# femind Practical Evaluation
## Purpose
This document defines the real-world validation layer for `femind`.
It exists to keep production readiness tied to practical memory behavior rather
than benchmark scores.
The practical eval set should answer one question first:
Can `femind` extract, store, retrieve, and update real working memory in ways
that are useful to an actual application or developer workflow?
## Validation Order
1. Practical eval scenarios
2. Small approved live validation pass
3. Fixes for real-world failures
4. Repeatable local regression checks
5. Secondary benchmark comparison if still useful
Benchmark datasets remain useful for regression and comparison, but they are
not the primary design target.
## Practical Eval Categories
The curated eval set should cover these categories:
1. Current vs superseded facts
The system should prefer the latest accepted fact and avoid surfacing stale
answers as current.
2. Preferences and decisions
The system should preserve stable preferences and explicit decisions without
losing the reason behind them.
3. Temporal and recency reasoning
The system should answer questions about what changed, when it changed, and
what is current now.
4. Distractor resistance
The system should still retrieve the correct information when unrelated but
semantically similar text is present.
5. Messy source extraction
The system should extract useful facts from rough notes, meetings, and
transcripts instead of only from clean synthetic prompts.
6. Abstention
The system should avoid confident fabrication when the answer is missing.
## Eval Artifact Layout
The curated eval set lives under `eval/practical/`.
- `eval/practical/README.md`
Maintainer notes and review workflow
- `eval/practical/scenarios.json`
Curated practical scenarios and expected behavior
## Review Standard
Every practical scenario should be easy to inspect by hand.

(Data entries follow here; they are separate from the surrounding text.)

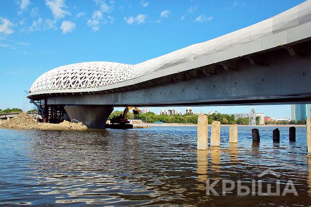 Ранее сообщалось, что длина моста составит 313,5 метра, ширина - 10,5 метра, он включает шестиметровую пешеходную полосу, трехметровую велодорожку, полосу безопасности шириной полметра и две полосы по полметра для устройства перильного ограждения", - сообщили в управлении автомобильных дорог Астаны.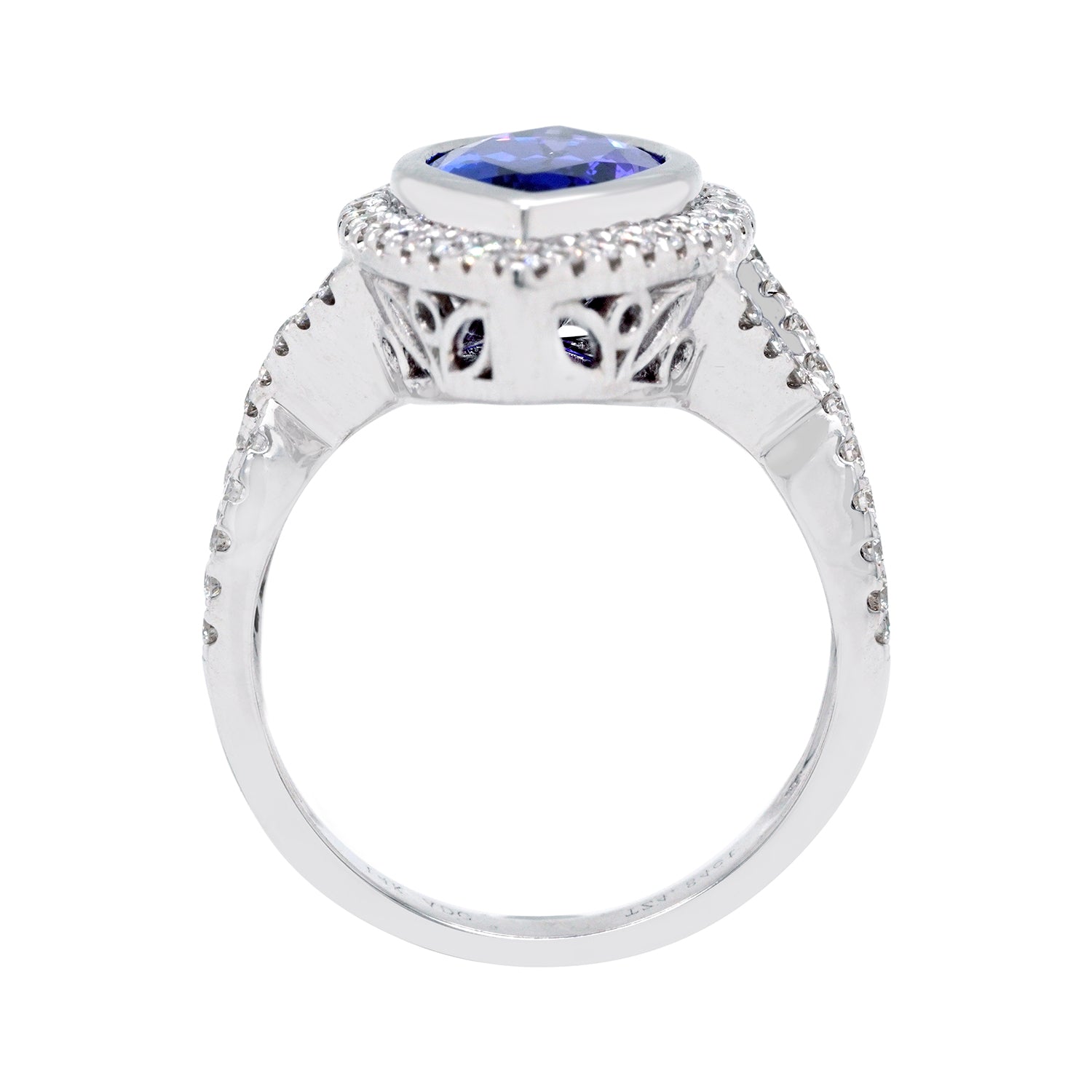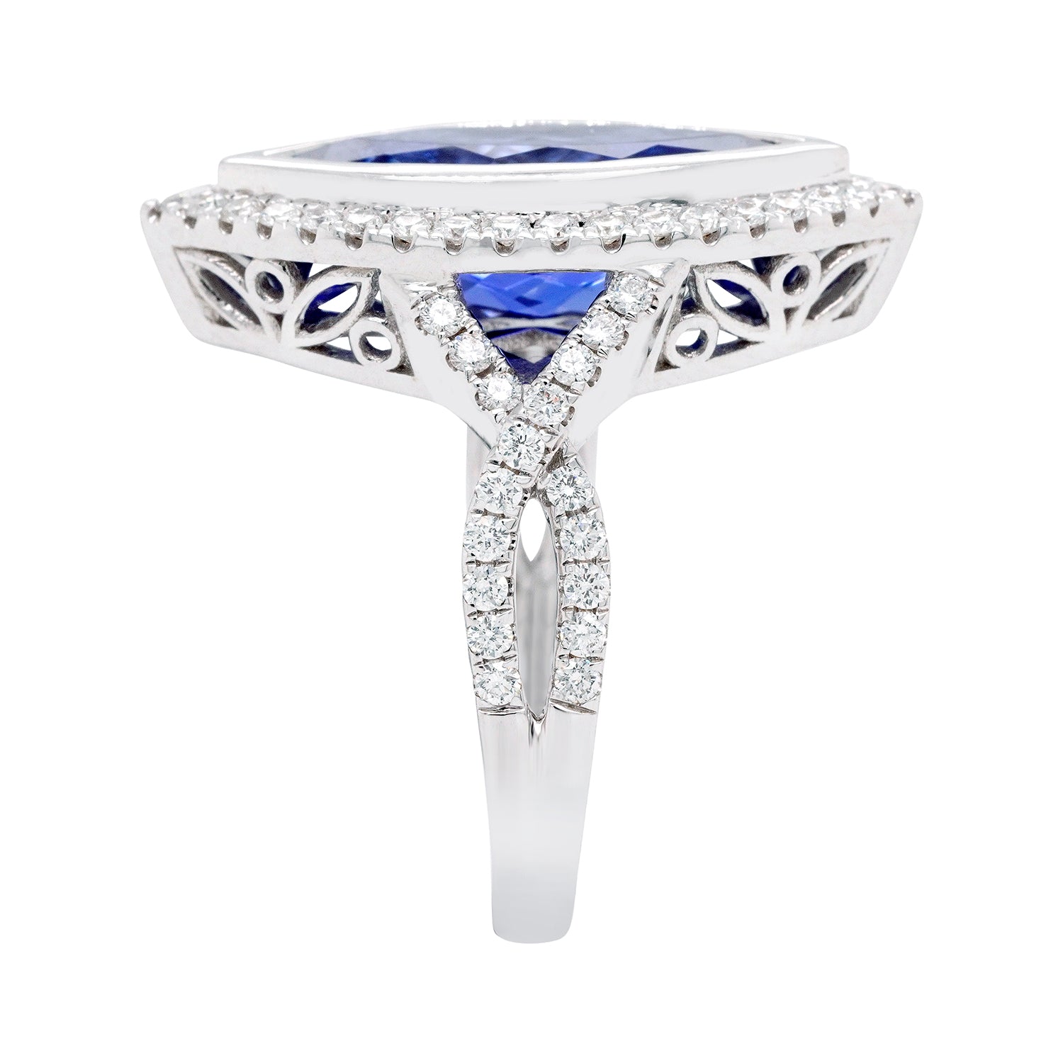 A combination of striking colors and styles that are hard to miss, the spectacular finish of this magical ring enhances your ensemble by leaps and bounds. Featuring a stunning Tanzanite in a marquise cut, it flaunts round diamonds that surround the mesmerizing shade of the jewel, giving it an unblemished look. Crafted in 14K white gold, this is a one-of-a-kind luminous ring!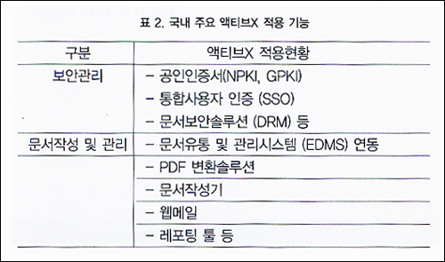 ƯÈ÷ °øÀÎ, ºñ°øÀÎ ÀüÀÚ¼¸íÀÎÁõ¼ÀÇ °ü¸®, ÀüÀÚ¹®¼ À§º¯Á¶ °ü¸®, ¹®¼ÀÛ¼º, ¸®Æ÷ÆÃ(Åë°è), ÆÄÀϰü¸® µî¿¡¼ ÁýÁßÀûÀ¸·Î ¾×ƼºêX¸¦ »ç¿ëÇϰí Àֱ⠶§¹®¿¡ ÀÌ·¯ÇÑ ±â´ÉÀ» Á¦°øÇÏ´Â »çÀÌÆ®´Â ¹®Á¦°¡ ´õ¿í ½É°¢ÇÑ »óȲÀÌ´Ù.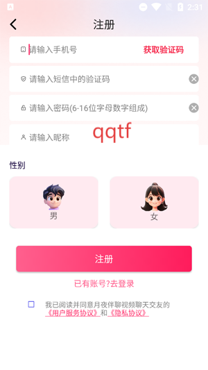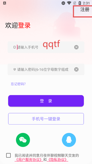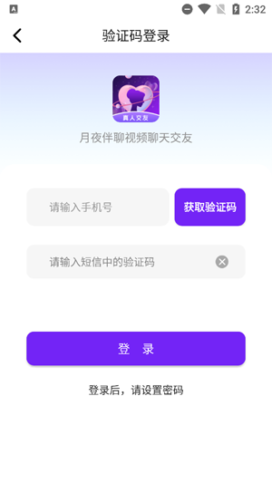 开启你的月夜伴聊视频聊天交友App,轻点进入登录界面。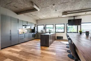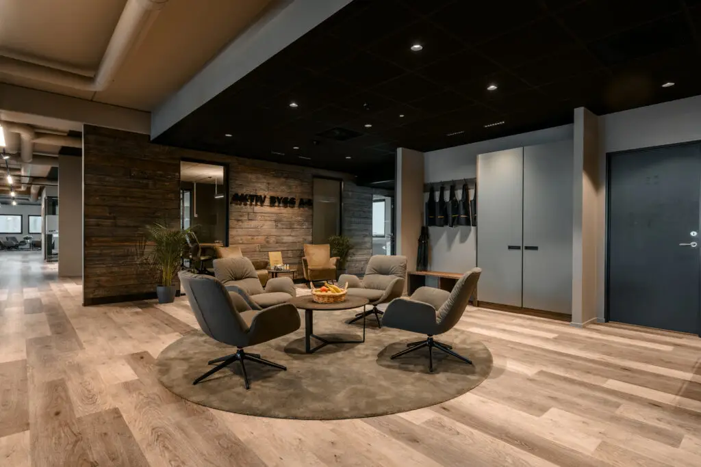 Tidligere i år flyttet Aktiv Bygg inn på det nye hovedkontoret, Ulvenveien 92C i Oslo. Som totalentreprenør gjennomførte vi rehabiliteringen selv, og prosjektet ga oss en verdifull mulighet til å utvikle en moderne og funksjonell arbeidsplass som er godt tilpasset vår egen drift. Bærekraftig rehabilitering har vært en gjennomgående prioritet, og vi har lagt vekt på gjenbruk og ombruk av materialer og teknikk.
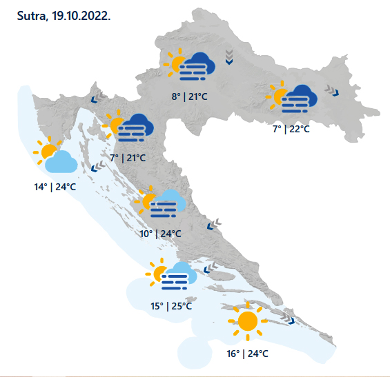 U noći i ujutro mjestimice magla i niski oblaci koji se lokalno mogu i dulje zadržati, potom u unutrašnjosti barem djelomice sunčano, dok će na moru biti i vedro. Prema večeri i osobito tijekom noći sa sjevera postupno jače naoblačenje, lokalno uz mogućnost za malo kiše u Gorskom kotaru. Vjetar slab do umjeren sjeverni i sjeverozapadni, na Jadranu i bura, podno Velebita s jakim udarima. Najniža jutarnja temperatura zraka na kopnu od 5 do 10, na moru od 12 do 17, a najviša dnevna uglavnom između 20 i 25 °C.
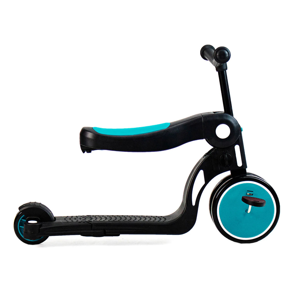 Trike løbecykel, trehjulet cykel og løbehjul, Ride and Roll, med 5 konfigurationsmuligheder, Aqua.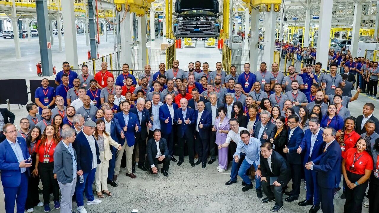 Brazilian President Lula, officials from China and Brazil, BYD chairman and president Wang Chuanfu, and employees at BYD’s passenger car plant in Camacari, Brazil, pose for a group photo Oct. 9.

Each scenario should include:
- source records or session text
- the main retrieval questions
- expected current answers
- expected abstentions where relevant
- optional extraction expectations for messy source material
## Release Use
Before larger live runs or benchmark comparisons:
- run a small approved sample from `eval/practical/scenarios.json`
- inspect extraction quality manually
- inspect retrieval answers manually
- log failures by category
`femind` should be treated as production-ready only when the practical eval
set is directionally strong, repeatable, and free of obvious category failures.
## Repeatable Command
The primary live-validation entry point is:
```bash
scripts/run-practical-eval.sh
```
Default behavior:
- `FEMIND_EVAL_MODE=retrieval`
- `FEMIND_VECTOR_MODE=exact`
- `FEMIND_EXTRACT_BACKEND=api`
- `FEMIND_EXTRACT_MODEL=openai/gpt-oss-120b`
- summary output at `target/practical-eval/retrieval-exact.json`
- runtime key resolution through macOS Keychain unless overridden with `FEMIND_EVAL_KEY_CMD`
Equivalent direct command:
```bash
cargo run --example practical_eval --features api-embeddings,api-llm,ann -- \
--scenarios eval/practical/scenarios.json \
--mode retrieval \
--vector-mode exact \
--summary target/practical-eval/retrieval-exact.json
```
The example uses a runtime key command and does not require secrets to be
written into source files or shell history.
Extraction backend options:
- `api`
Uses the OpenAI-compatible API callback. Recommended default:
`openai/gpt-oss-120b`
- `codex-cli`
Uses the local Codex CLI callback. Recommended default:
`gpt-5.4-mini`
Lower-cost fallback:
`gpt-5.1-codex-mini`
## Current Practical Baseline
Current validated baseline:
- extraction-only practical eval with DeepInfra `openai/gpt-oss-120b` passes `4/4`
- extraction-only practical eval with Codex CLI `gpt-5.4-mini` passes `4/4`
- extraction-only practical eval with Codex CLI `gpt-5.1-codex-mini` passes `4/4`
- retrieval-only practical eval with `vector_mode=exact` currently passes `9/9`
- retrieval-only practical eval with `vector_mode=ann` currently passes `9/9`
- summary artifact: `target/practical-eval/retrieval-exact.json`
- broader live-usage sample from actual project docs currently passes `11/11` for all four tested extraction models
- live-usage summary artifact: `target/practical-eval/live-usage-exact.json`
This exact-mode practical run is the standard local regression check before
trying wider live usage samples or ANN comparisons.